## WHAT TO DO
Go to the line holding "4Pcs 28.7in/72.8cm Artificial" in the data below. Return it and each line after it through the last, exactly, and skip the pictures.

Excerpts from a dataset:
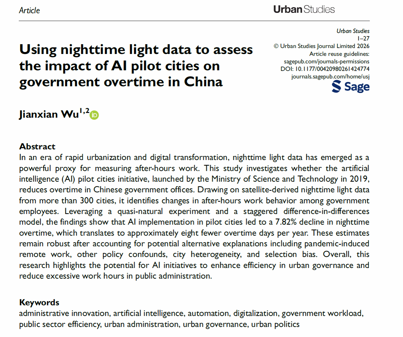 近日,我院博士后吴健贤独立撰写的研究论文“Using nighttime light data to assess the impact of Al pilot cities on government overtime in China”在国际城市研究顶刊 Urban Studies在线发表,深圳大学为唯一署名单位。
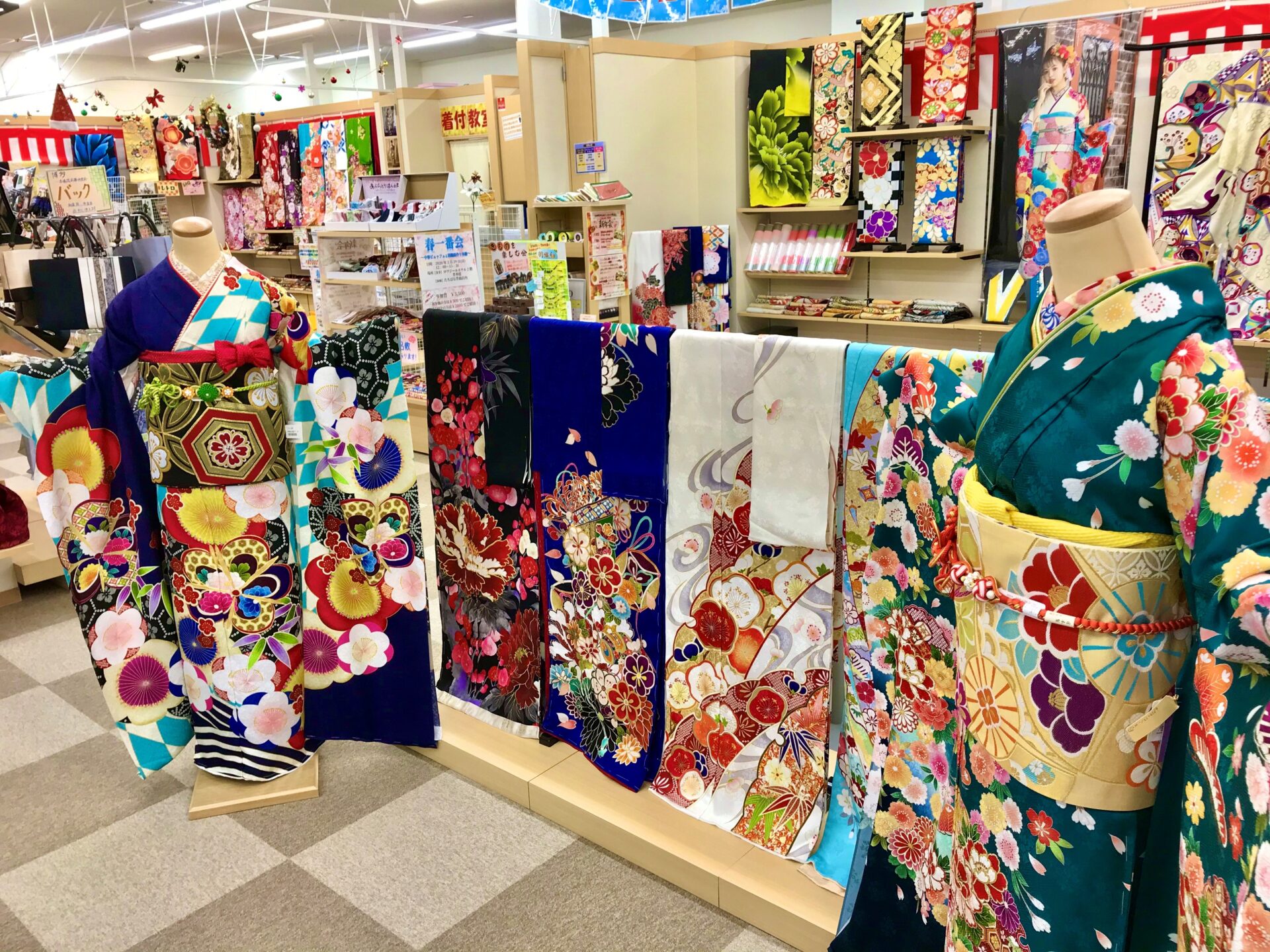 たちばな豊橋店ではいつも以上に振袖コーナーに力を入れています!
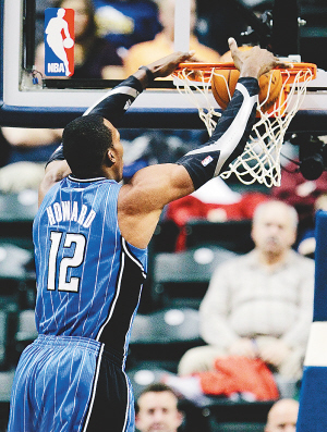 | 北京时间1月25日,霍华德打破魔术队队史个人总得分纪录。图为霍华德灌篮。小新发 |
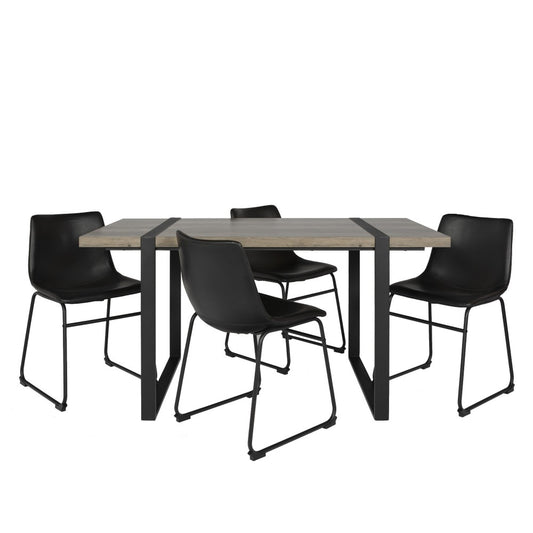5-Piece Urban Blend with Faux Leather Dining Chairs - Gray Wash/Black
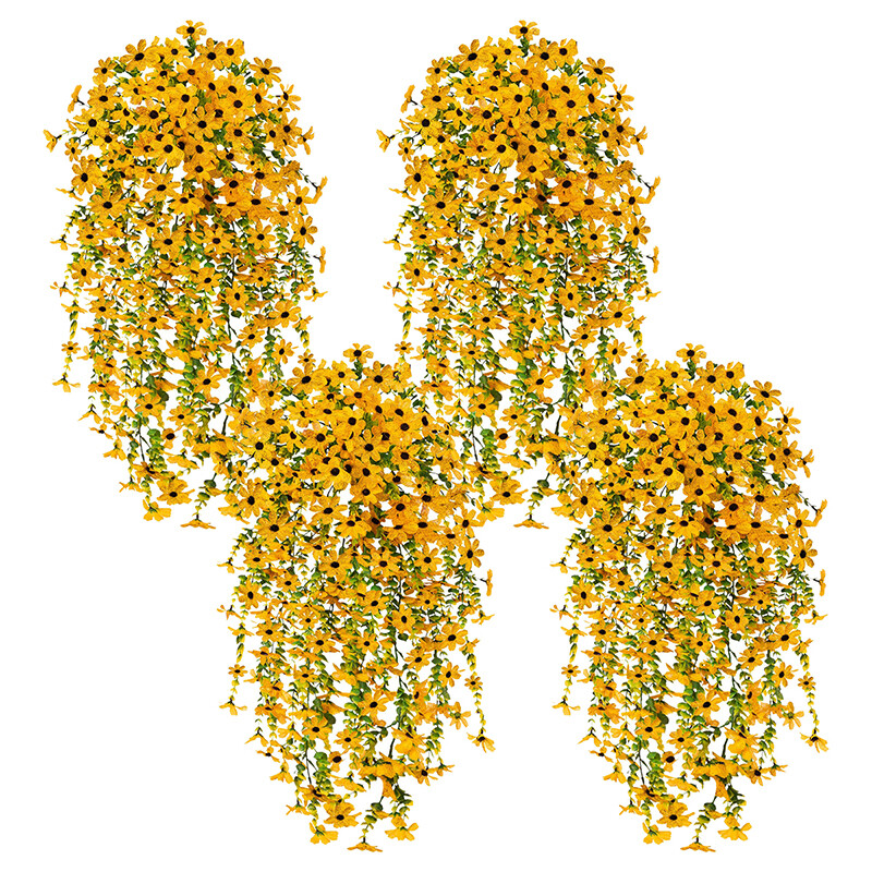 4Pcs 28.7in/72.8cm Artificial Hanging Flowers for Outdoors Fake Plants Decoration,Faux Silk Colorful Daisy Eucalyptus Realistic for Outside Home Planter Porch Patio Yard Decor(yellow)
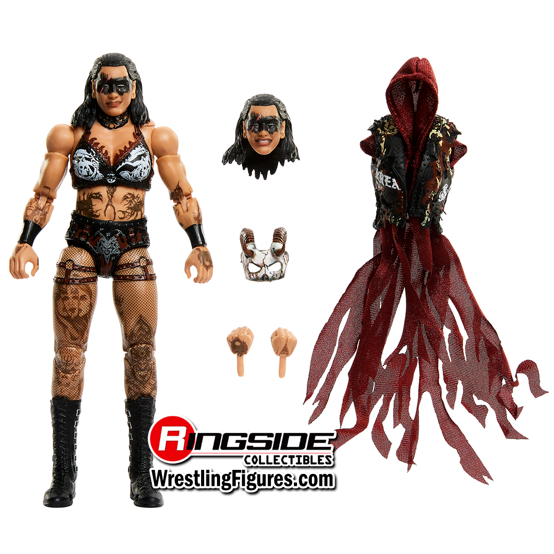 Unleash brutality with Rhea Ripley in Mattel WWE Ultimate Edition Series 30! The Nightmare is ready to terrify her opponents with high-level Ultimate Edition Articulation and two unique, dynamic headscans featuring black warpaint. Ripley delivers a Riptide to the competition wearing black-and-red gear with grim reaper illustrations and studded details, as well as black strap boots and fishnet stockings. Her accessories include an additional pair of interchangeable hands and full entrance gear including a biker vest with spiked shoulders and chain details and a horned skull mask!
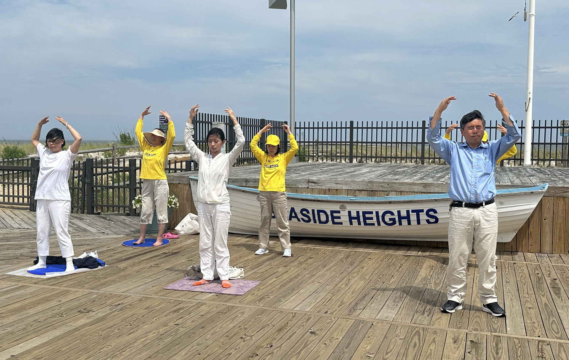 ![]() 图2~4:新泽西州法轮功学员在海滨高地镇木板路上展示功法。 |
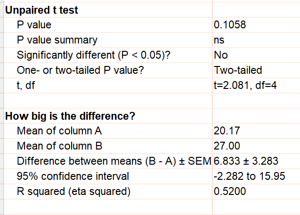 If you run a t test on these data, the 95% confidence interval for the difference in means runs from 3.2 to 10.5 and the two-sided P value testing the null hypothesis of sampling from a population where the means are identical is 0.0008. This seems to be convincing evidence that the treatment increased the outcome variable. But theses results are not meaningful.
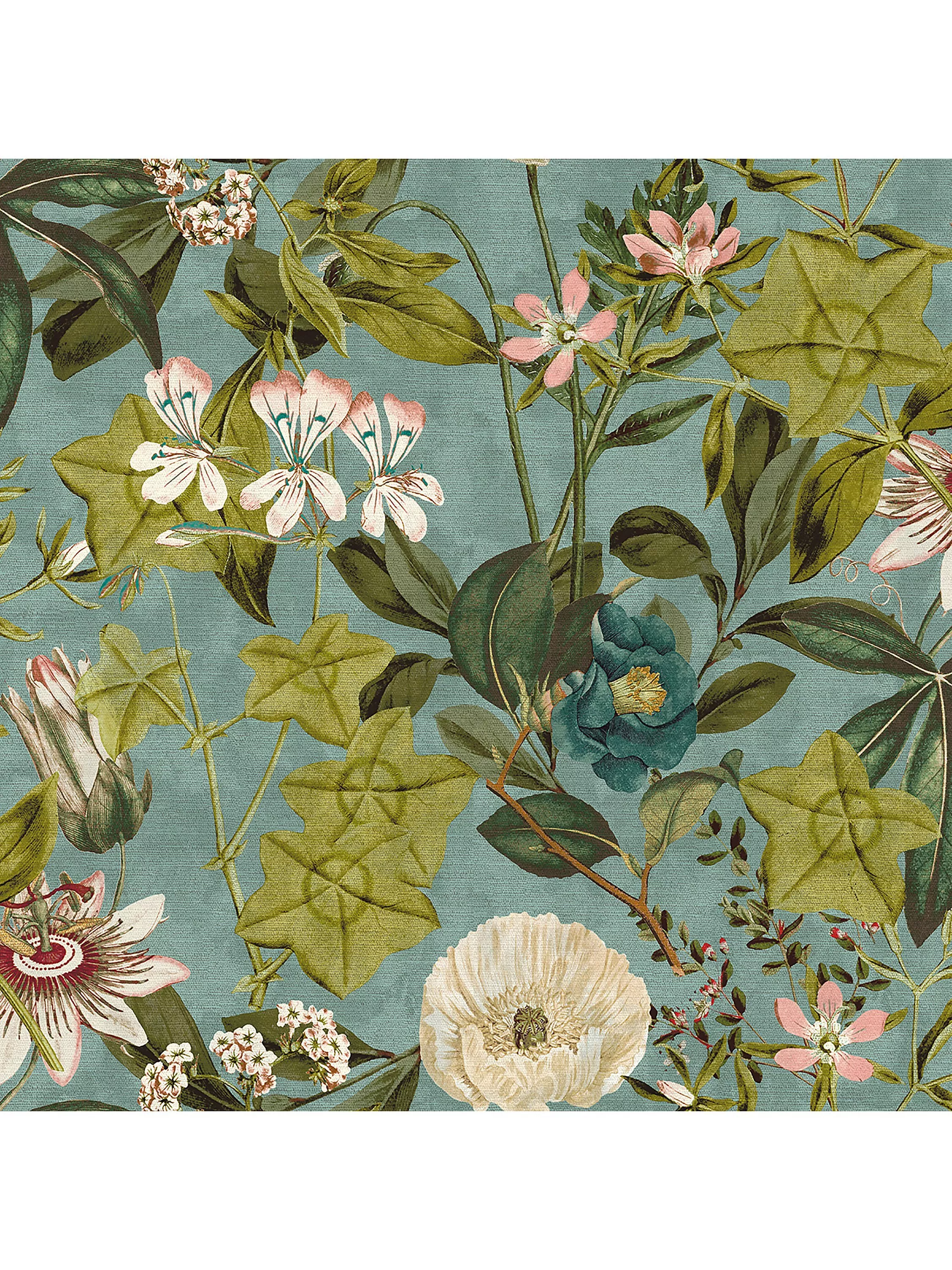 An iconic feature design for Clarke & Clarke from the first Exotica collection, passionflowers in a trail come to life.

## RESPONSE AREA
 4Pcs 28.7in/72.8cm Artificial Hanging Flowers for Outdoors Fake Plants Decoration,Faux Silk Colorful Daisy Eucalyptus Realistic for Outside Home Planter Porch Patio Yard Decor(yellow)
 Unleash brutality with Rhea Ripley in Mattel WWE Ultimate Edition Series 30! The Nightmare is ready to terrify her opponents with high-level Ultimate Edition Articulation and two unique, dynamic headscans featuring black warpaint. Ripley delivers a Riptide to the competition wearing black-and-red gear with grim reaper illustrations and studded details, as well as black strap boots and fishnet stockings. Her accessories include an additional pair of interchangeable hands and full entrance gear including a biker vest with spiked shoulders and chain details and a horned skull mask!
 ![]() 图2~4:新泽西州法轮功学员在海滨高地镇木板路上展示功法。 |
 If you run a t test on these data, the 95% confidence interval for the difference in means runs from 3.2 to 10.5 and the two-sided P value testing the null hypothesis of sampling from a population where the means are identical is 0.0008. This seems to be convincing evidence that the treatment increased the outcome variable. But theses results are not meaningful.
 An iconic feature design for Clarke & Clarke from the first Exotica collection, passionflowers in a trail come to life.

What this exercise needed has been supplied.